= National assizes of 1967 (Estates General of French Canada) =

The National assizes of 1967 were the second meeting of the Estates General of French Canada. They were held from November 23 to 26 at Place des Arts in Montreal, Quebec, Canada.

== Preparation ==
The preparation of the national assizes of 1967 started soon after the conclusion of the Preliminary assizes of 1966. The Estates General launched a subscription to gather the sum of C$300,000 as decreed by the delegates during the preliminary assizes. That money went to organizing the elections, defraying the travelling expenses of the delegation from the provinces other than Quebec, paying the salary of 12 employees, renting rooms, buy publicity, office expenses (paper, stamps, copies), etc.

In the December 1966 issue of L'Action nationale, the organizers felt compelled to make their own constitutional positions publicly known in reply to the rumour mill that had been running for over a year. They had to defend themselves from the accusation of being "separatists".

== Participants ==
Participants to the national assizes of 1967 belonged to two categories: delegates and observers. The first numbered 1623 people and the second 436, for a total of 2059 participants. Delegation members were in turn subdivided into three groups: the territorial delegation, the associations' delegation and the exterior delegation.

- Territorial delegation
On April 16, 1967, 1620 delegates, 15 in each of the Quebec's 108 electoral districts, were elected by some 17,000 representatives of citizens' associations and other institutions of civil society. These constituted the territorial delegation. 79% of the 17,000 members who had the right to vote participated to the election and consequently the representation was judged valid according to the criteria set by the preliminary assizes. In comparison, during the preliminary assizes of November 1966, the Estates General recorded the presence of 1075 territorial delegates and 17 substitutes, accounting for 68% of all elected delegates. The average age of the delegates was 41 years old.

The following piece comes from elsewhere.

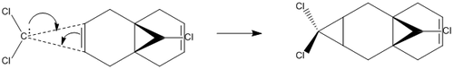 In this part of the module, the semi-empirical method will be utilised in order to obtain an accurate prediction of the reactivity of molecules. This approach is known as ‘semi-empirical’ as the method incorporates the use of theoretical approximations with experimental observations. In this case, we will examine the reactivity of 9-chloro-1,4,5,8-tetrahydro-4a,8a-methanonaphthalene (product 12) in the presence of dichlorocarbene (electrophile). As reported by Halton, Boese and Rzepa,[4], Product 12 reacts regiospecifically with dichlorocarbene at the double bond which is situated endo to the chlorine atom.

- Delegation of the associations

549 French-Canadian associations or institutions were invited to appoint a delegate to the assizes. 261 such delegates were appointed and 167 participated to the event.

- Exterior delegation

The delegates representing the French-Canadian and Acadian minority groups numbered 430 people. Representing 17% of the French-speaking population of Canada, they were grouped into three regions: Ontario which had the right to 201 delegates sent 88, Acadia (or the Maritime provinces) sent 85 of 124 possible delegates and Western Canada sent 91 of 96. There were accordingly 364 delegates representing francophones from Canada outside Quebec. Francophone minorities from the United States were not represented, but they were numerous among the observers.

- Observers

491 observer passes were emitted by the Estates General. 437 people made use of such passes. Among the observers were four diplomats (three consuls of France and one ambassador from Rwanda), 11 members of the Quebec or Canadian parliament, seven senior officials, 11 delegated from Franco-American institutions and one delegate from Belgium, 23 academics and councillors, 66 representatives of various associations or institutions, 177 individual observers, and 92 representatives of the printed press.

== Progress ==
Before the opening of the national assizes, the delegation received some "basic documents" and "working papers" prepared by the general commission from the resulting work of the preliminary assizes. According to the general commission, the intention behind these somewhat technical documents were to "lay down on a realistic and reasoned basis" the particular problems of French Canada while remaining accessible to the public. In doing this, the commission attempted to give a direction to the discussion so that it does not produce "dialogues of the deaf which turn to fist fight or bawling out" that never fail to occur when the constitutional options available to French Canadians are at issue. Still according to the general commission, these options were described as the status quo, cooperative federalism, a particular status, associated state, or full sovereignty.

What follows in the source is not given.